**TASK TO COMPLETE**
Look through the data below and extract, unchanged, the lines from the one that contains "Женщина стоит в" to the one that contains "Immobilizer System-Related Parts", both included.

**Extracted data entries**
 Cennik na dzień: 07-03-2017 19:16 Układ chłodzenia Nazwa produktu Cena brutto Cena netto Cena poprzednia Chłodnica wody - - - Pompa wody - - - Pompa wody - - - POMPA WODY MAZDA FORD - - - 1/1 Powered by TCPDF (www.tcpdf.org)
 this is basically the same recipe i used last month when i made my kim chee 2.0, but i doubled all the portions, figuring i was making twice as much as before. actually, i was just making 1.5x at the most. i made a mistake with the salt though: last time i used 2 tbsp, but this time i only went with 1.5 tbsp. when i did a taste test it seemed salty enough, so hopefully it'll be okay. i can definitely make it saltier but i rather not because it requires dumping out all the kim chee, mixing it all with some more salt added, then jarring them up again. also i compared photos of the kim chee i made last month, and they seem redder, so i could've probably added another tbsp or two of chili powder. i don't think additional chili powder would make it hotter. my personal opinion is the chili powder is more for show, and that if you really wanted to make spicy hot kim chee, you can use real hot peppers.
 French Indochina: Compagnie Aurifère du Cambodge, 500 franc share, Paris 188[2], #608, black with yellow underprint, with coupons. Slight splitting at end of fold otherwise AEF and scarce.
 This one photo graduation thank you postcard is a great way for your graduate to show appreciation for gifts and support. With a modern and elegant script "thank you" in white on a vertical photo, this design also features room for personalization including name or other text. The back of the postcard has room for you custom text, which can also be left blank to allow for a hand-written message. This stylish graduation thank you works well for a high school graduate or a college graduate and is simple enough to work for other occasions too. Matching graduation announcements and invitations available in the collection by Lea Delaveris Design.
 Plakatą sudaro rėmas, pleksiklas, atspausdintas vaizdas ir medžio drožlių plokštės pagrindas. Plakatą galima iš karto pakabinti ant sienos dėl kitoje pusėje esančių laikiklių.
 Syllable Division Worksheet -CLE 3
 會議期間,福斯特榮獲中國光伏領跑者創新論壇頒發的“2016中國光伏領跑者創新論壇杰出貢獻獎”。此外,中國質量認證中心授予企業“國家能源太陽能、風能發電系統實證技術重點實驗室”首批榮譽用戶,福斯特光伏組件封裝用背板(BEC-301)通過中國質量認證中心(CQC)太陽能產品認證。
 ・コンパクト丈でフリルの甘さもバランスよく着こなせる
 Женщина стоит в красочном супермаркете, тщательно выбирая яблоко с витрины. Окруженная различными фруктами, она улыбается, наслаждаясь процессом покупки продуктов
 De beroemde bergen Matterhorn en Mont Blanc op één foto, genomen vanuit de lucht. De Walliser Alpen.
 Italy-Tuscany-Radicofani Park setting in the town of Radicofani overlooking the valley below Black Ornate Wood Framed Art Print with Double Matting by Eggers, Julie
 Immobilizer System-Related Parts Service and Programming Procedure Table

...

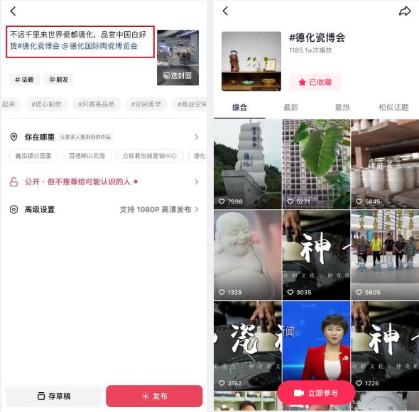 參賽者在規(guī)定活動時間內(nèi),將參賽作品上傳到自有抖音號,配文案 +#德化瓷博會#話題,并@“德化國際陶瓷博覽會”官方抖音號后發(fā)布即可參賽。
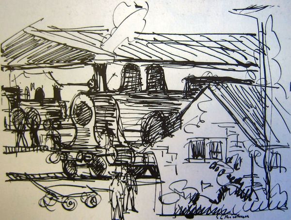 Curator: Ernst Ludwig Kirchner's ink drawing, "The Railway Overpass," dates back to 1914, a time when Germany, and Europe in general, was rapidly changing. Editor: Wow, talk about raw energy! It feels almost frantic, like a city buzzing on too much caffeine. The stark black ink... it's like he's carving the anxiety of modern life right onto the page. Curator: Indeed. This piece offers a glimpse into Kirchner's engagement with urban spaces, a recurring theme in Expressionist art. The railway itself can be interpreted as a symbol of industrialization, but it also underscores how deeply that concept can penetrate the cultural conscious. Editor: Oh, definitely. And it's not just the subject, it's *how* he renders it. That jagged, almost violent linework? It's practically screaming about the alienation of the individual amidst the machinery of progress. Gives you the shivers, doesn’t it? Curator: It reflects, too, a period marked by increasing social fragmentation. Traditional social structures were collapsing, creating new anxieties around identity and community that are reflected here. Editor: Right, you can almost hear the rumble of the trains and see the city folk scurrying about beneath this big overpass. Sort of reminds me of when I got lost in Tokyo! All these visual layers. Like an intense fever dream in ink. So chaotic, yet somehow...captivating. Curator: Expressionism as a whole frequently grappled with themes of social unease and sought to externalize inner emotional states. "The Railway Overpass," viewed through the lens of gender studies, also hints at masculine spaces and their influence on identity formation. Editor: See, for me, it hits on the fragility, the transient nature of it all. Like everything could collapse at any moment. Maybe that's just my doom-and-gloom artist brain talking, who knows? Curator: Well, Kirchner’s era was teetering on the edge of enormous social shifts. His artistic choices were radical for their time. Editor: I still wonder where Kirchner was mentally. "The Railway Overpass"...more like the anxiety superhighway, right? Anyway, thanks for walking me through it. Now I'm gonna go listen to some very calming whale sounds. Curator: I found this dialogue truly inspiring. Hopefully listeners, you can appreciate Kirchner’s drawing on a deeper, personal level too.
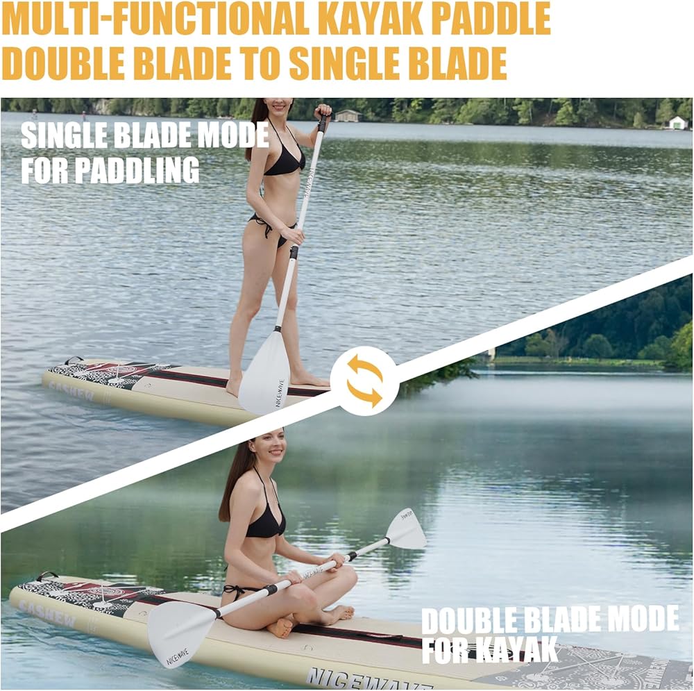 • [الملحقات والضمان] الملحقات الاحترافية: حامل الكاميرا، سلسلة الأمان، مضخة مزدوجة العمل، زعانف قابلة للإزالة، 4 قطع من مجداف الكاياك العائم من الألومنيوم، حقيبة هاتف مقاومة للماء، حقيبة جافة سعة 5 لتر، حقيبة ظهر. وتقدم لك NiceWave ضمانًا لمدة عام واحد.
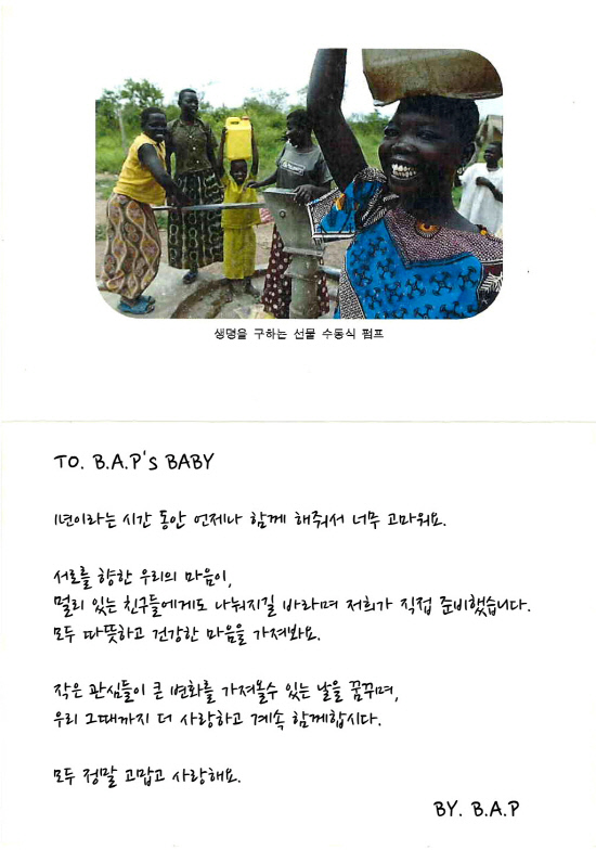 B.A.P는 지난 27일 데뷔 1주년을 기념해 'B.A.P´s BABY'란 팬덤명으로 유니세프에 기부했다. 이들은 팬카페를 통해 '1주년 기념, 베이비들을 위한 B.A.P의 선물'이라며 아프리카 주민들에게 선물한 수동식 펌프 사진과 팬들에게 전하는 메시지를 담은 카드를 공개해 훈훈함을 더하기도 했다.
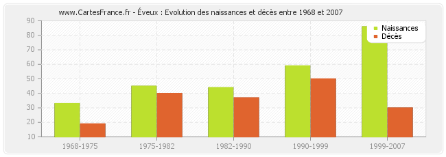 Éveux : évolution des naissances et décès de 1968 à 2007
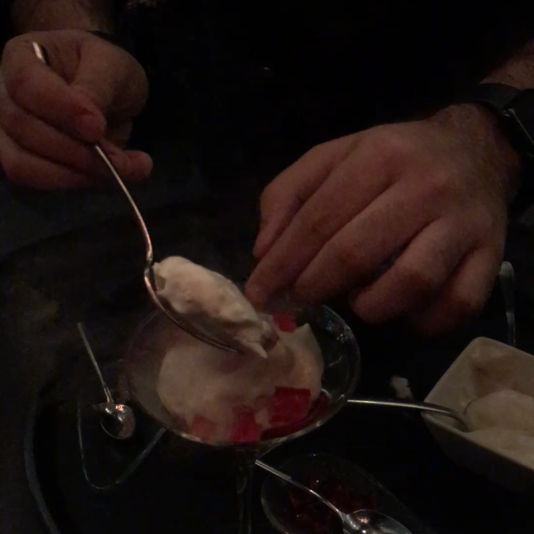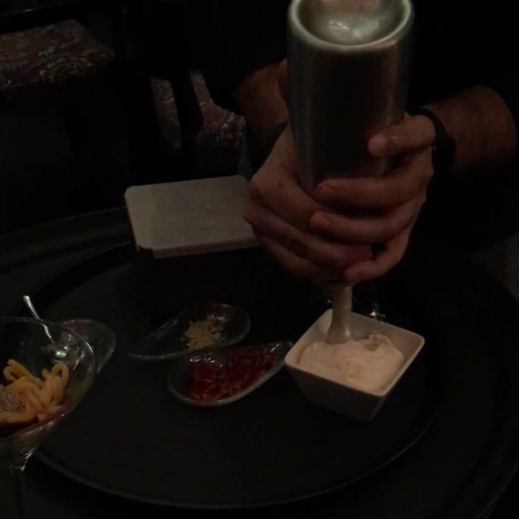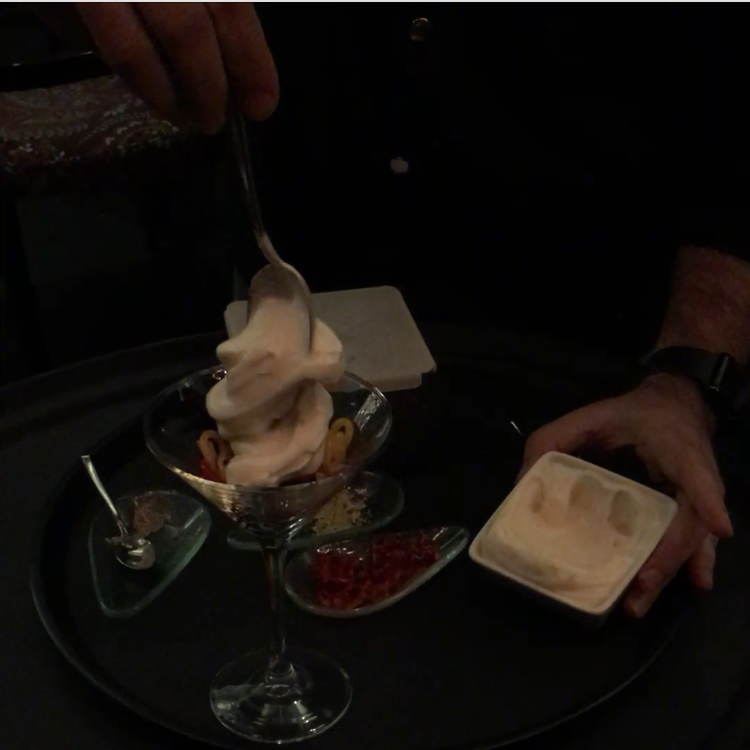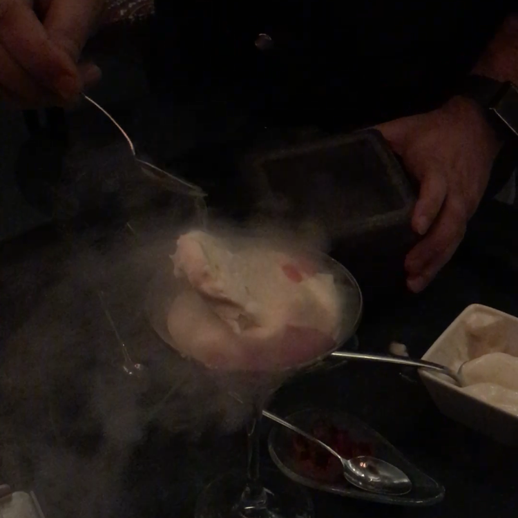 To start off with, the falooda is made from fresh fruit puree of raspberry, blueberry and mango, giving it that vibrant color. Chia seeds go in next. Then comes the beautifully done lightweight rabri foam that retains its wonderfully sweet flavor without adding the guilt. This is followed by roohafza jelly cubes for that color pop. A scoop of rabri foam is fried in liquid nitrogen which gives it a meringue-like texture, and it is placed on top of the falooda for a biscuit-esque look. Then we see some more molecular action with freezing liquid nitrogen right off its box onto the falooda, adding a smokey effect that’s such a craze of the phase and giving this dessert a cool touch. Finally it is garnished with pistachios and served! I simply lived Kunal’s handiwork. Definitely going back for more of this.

**ANSWER TO THIS EXERCISE**
 Женщина стоит в красочном супермаркете, тщательно выбирая яблоко с витрины. Окруженная различными фруктами, она улыбается, наслаждаясь процессом покупки продуктов
 De beroemde bergen Matterhorn en Mont Blanc op één foto, genomen vanuit de lucht. De Walliser Alpen.
 Italy-Tuscany-Radicofani Park setting in the town of Radicofani overlooking the valley below Black Ornate Wood Framed Art Print with Double Matting by Eggers, Julie
 Immobilizer System-Related Parts Service and Programming Procedure Table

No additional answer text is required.